THE PROBLEM -
Your answer must be an exact copy of the records below, minus the pictures.

DATA SUPPLIED -
· · ·
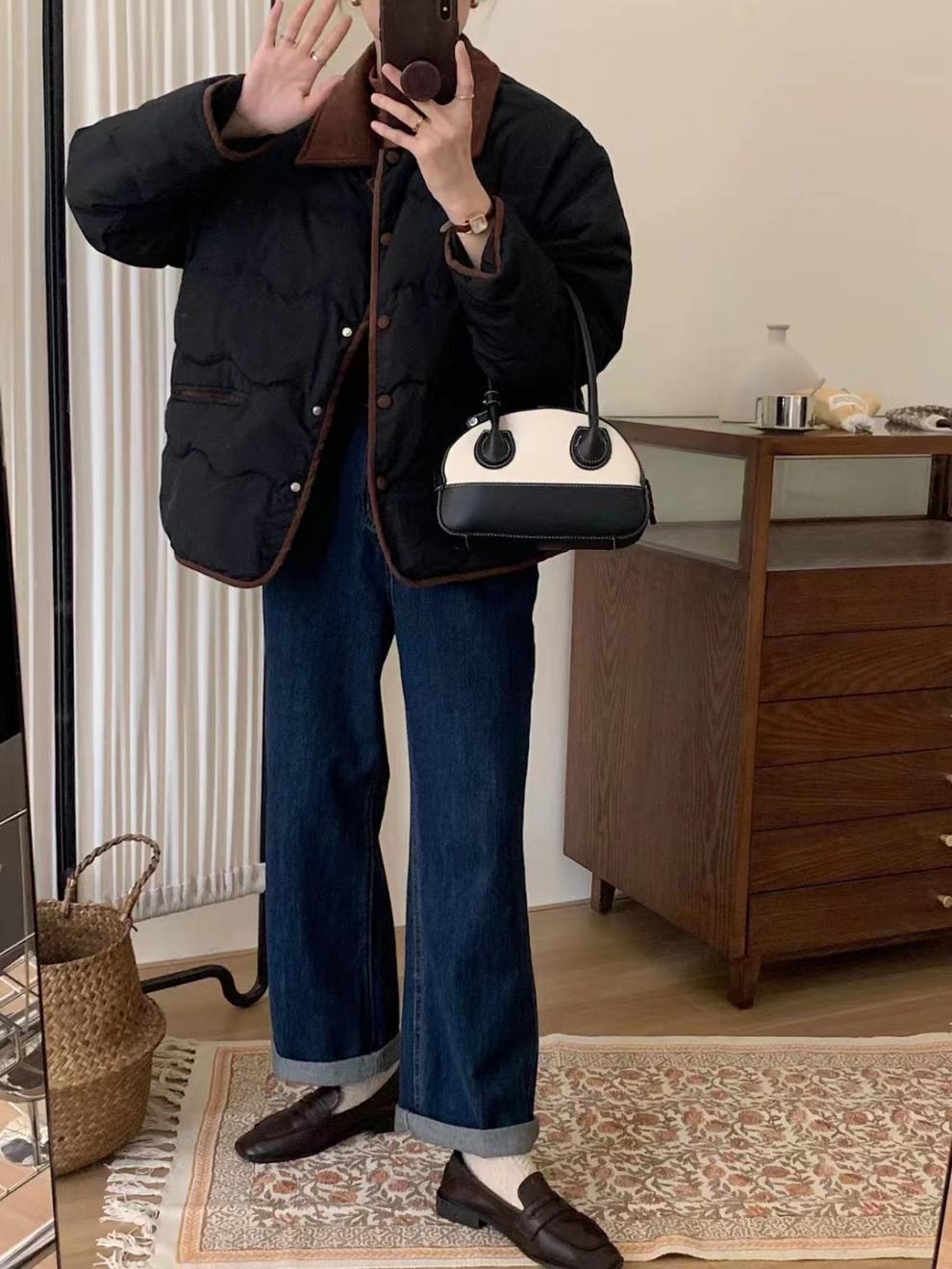 韩国ins灯芯绒翻领东大门轻薄羽绒服女短款小香风时尚休闲外套冬
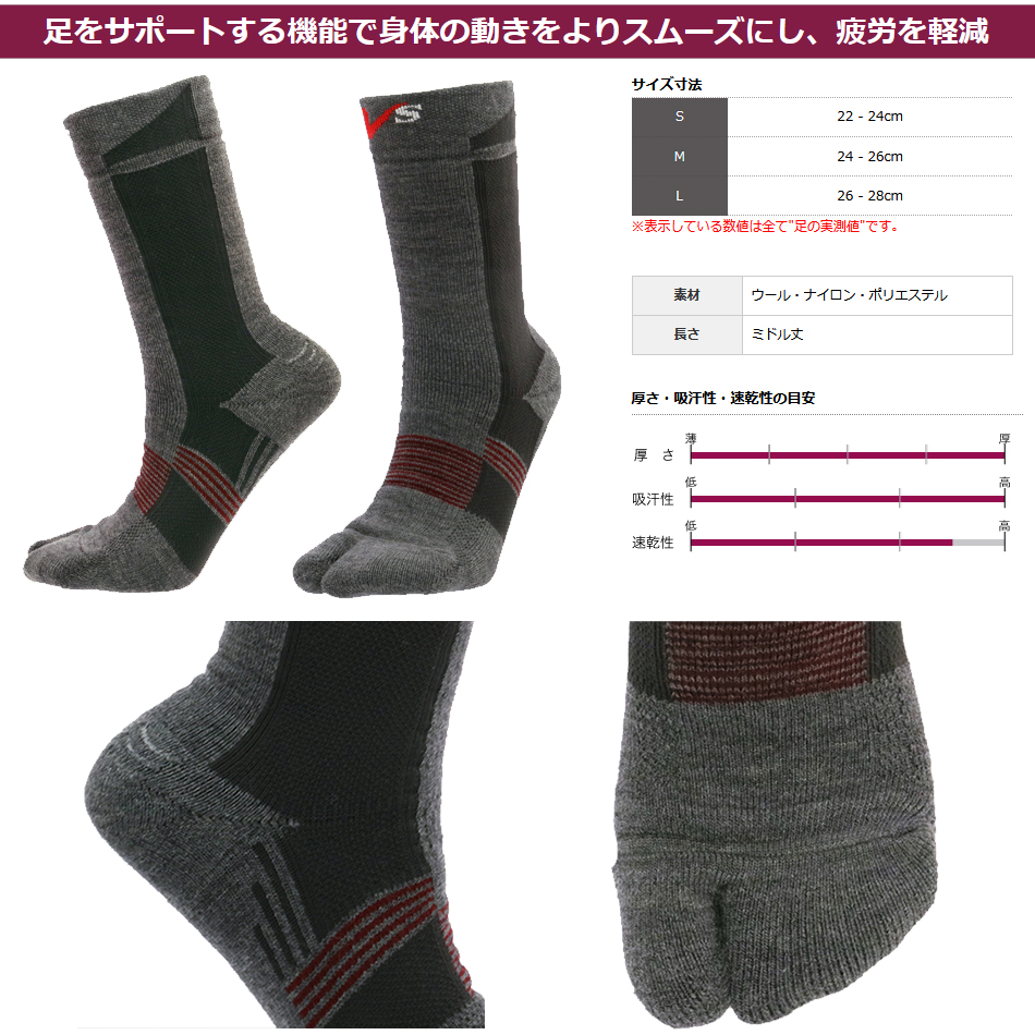 V-System タビ型ソックス V2-MW202 メリノウール・タビ型 厚手・ミドル丈
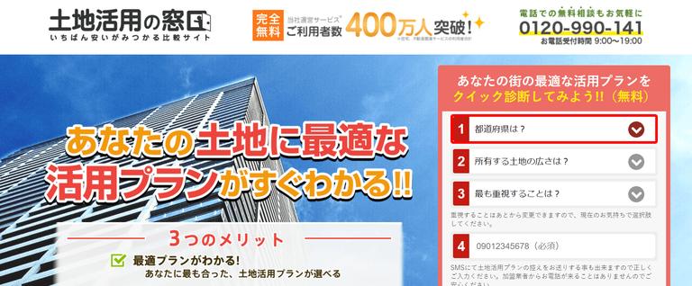 | 土地活用の窓口 | セカイエ株式会社 | - | - | 400万人以上 (不動産売却査定も含む) | 全国 |
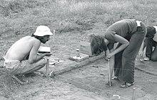 Tilting level, dumpy level or automatic level[2] are terms used to refer to types of leveling instruments as used in surveying to measure height differences over larger distances. It has a spirit level mounted on a telescope (perhaps 30 power) with cross-hairs, itself mounted on a tripod. The observer reads height values off two graduated vertical rods, one 'behind' and one 'in front', to obtain the height difference between the ground points on which the rods are resting. Starting from a point with a known elevation and going cross country (successive points being perhaps 100 meters (328 ft) apart) height differences can be measured cumulatively over long distances and elevations can be calculated. Precise levelling is supposed to give the difference in elevation between two points one kilometer (0.62 miles) apart correct to within a few millimeters.
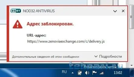 Подозрение на наличие вируса или трояна
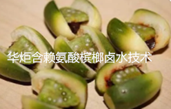 华炬科技新产品研究所技术咨询委员会科研人员现推荐一项含赖氨酸槟榔卤水技术,该技术制备的卤水粘度低、扩散性好,卤水与槟榔内表面接触面大,在点 卤后其碱性向槟榔半成品内表面纤维层扩散的速度快,能在短时间内达到中和 平衡,平衡后其内表面的pH在6~9,这样就可以用相对少的点卤量和少量L‐ 赖氨酸碱而达到要大量石灰才能起到的效果,而且不存在局部碱性过高的缺点,现将该含赖氨酸槟榔卤水技术及实施例介绍如下供研究参考:(441321 531318)
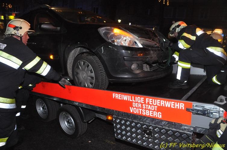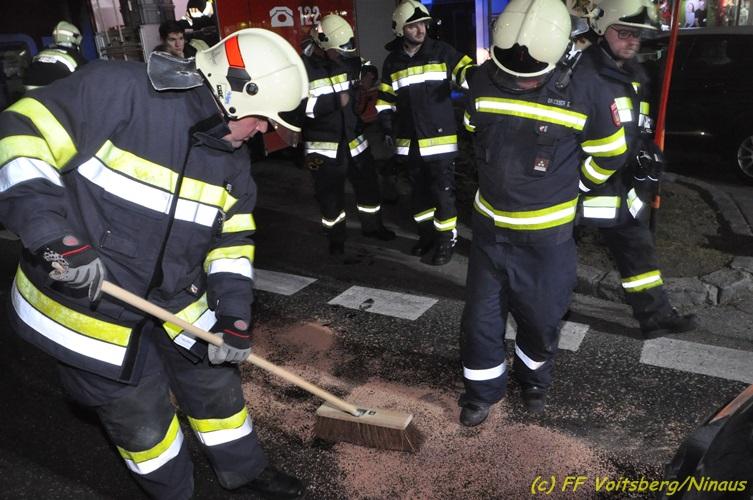 In den frühen Abendstunden des Mittwoch, 20. Dezember 2017 kam es am Voitsberger Hauptplatz zu einem Auffahrunfall. Ein in Richtung Graz fahrender Lenker fuhr mit seinem Fahrzeug auf ein vor ihm fahrendes Fahrzeug auf und verletzte die Lenkerin leicht. Bei einem Fahrzeug gelangten Betriebsmittel auf die Fahrbahn, welche von der FF Voitsberg gebunden wurden. Beide Fahrzeuge wurden von der Unfallstelle entfernt, wobei ein Fahrzeug aufgrund auslaufender Betriebsmittel von der Feuerwehr zu einem gesicherten Abstellplatz gebracht wurde. Aufgrund des Unfalls kam es zu einem Stau in beiden Richtungen. Die FF Voitsberg war mit 13 Einsatzkräften und drei Fahrzeugen unter dem Einsatzleiter Rene Sorger im Einsatz. Das Rote Kreuz versorgte die Verletzte und brachte sie in ein Krankenhaus. Die polizeilichen Erhebungen wurden von der PI Voitsberg durchgeführt. Text und Fotos: Walter Ninaus, FF Voitsberg
· · ·
ANSWER BOX -
 韩国ins灯芯绒翻领东大门轻薄羽绒服女短款小香风时尚休闲外套冬
 V-System タビ型ソックス V2-MW202 メリノウール・タビ型 厚手・ミドル丈
 | 土地活用の窓口 | セカイエ株式会社 | - | - | 400万人以上 (不動産売却査定も含む) | 全国 |
 Tilting level, dumpy level or automatic level[2] are terms used to refer to types of leveling instruments as used in surveying to measure height differences over larger distances. It has a spirit level mounted on a telescope (perhaps 30 power) with cross-hairs, itself mounted on a tripod. The observer reads height values off two graduated vertical rods, one 'behind' and one 'in front', to obtain the height difference between the ground points on which the rods are resting. Starting from a point with a known elevation and going cross country (successive points being perhaps 100 meters (328 ft) apart) height differences can be measured cumulatively over long distances and elevations can be calculated. Precise levelling is supposed to give the difference in elevation between two points one kilometer (0.62 miles) apart correct to within a few millimeters.
 Подозрение на наличие вируса или трояна
 华炬科技新产品研究所技术咨询委员会科研人员现推荐一项含赖氨酸槟榔卤水技术,该技术制备的卤水粘度低、扩散性好,卤水与槟榔内表面接触面大,在点 卤后其碱性向槟榔半成品内表面纤维层扩散的速度快,能在短时间内达到中和 平衡,平衡后其内表面的pH在6~9,这样就可以用相对少的点卤量和少量L‐ 赖氨酸碱而达到要大量石灰才能起到的效果,而且不存在局部碱性过高的缺点,现将该含赖氨酸槟榔卤水技术及实施例介绍如下供研究参考:(441321 531318)
 In den frühen Abendstunden des Mittwoch, 20. Dezember 2017 kam es am Voitsberger Hauptplatz zu einem Auffahrunfall. Ein in Richtung Graz fahrender Lenker fuhr mit seinem Fahrzeug auf ein vor ihm fahrendes Fahrzeug auf und verletzte die Lenkerin leicht. Bei einem Fahrzeug gelangten Betriebsmittel auf die Fahrbahn, welche von der FF Voitsberg gebunden wurden. Beide Fahrzeuge wurden von der Unfallstelle entfernt, wobei ein Fahrzeug aufgrund auslaufender Betriebsmittel von der Feuerwehr zu einem gesicherten Abstellplatz gebracht wurde. Aufgrund des Unfalls kam es zu einem Stau in beiden Richtungen. Die FF Voitsberg war mit 13 Einsatzkräften und drei Fahrzeugen unter dem Einsatzleiter Rene Sorger im Einsatz. Das Rote Kreuz versorgte die Verletzte und brachte sie in ein Krankenhaus. Die polizeilichen Erhebungen wurden von der PI Voitsberg durchgeführt. Text und Fotos: Walter Ninaus, FF Voitsberg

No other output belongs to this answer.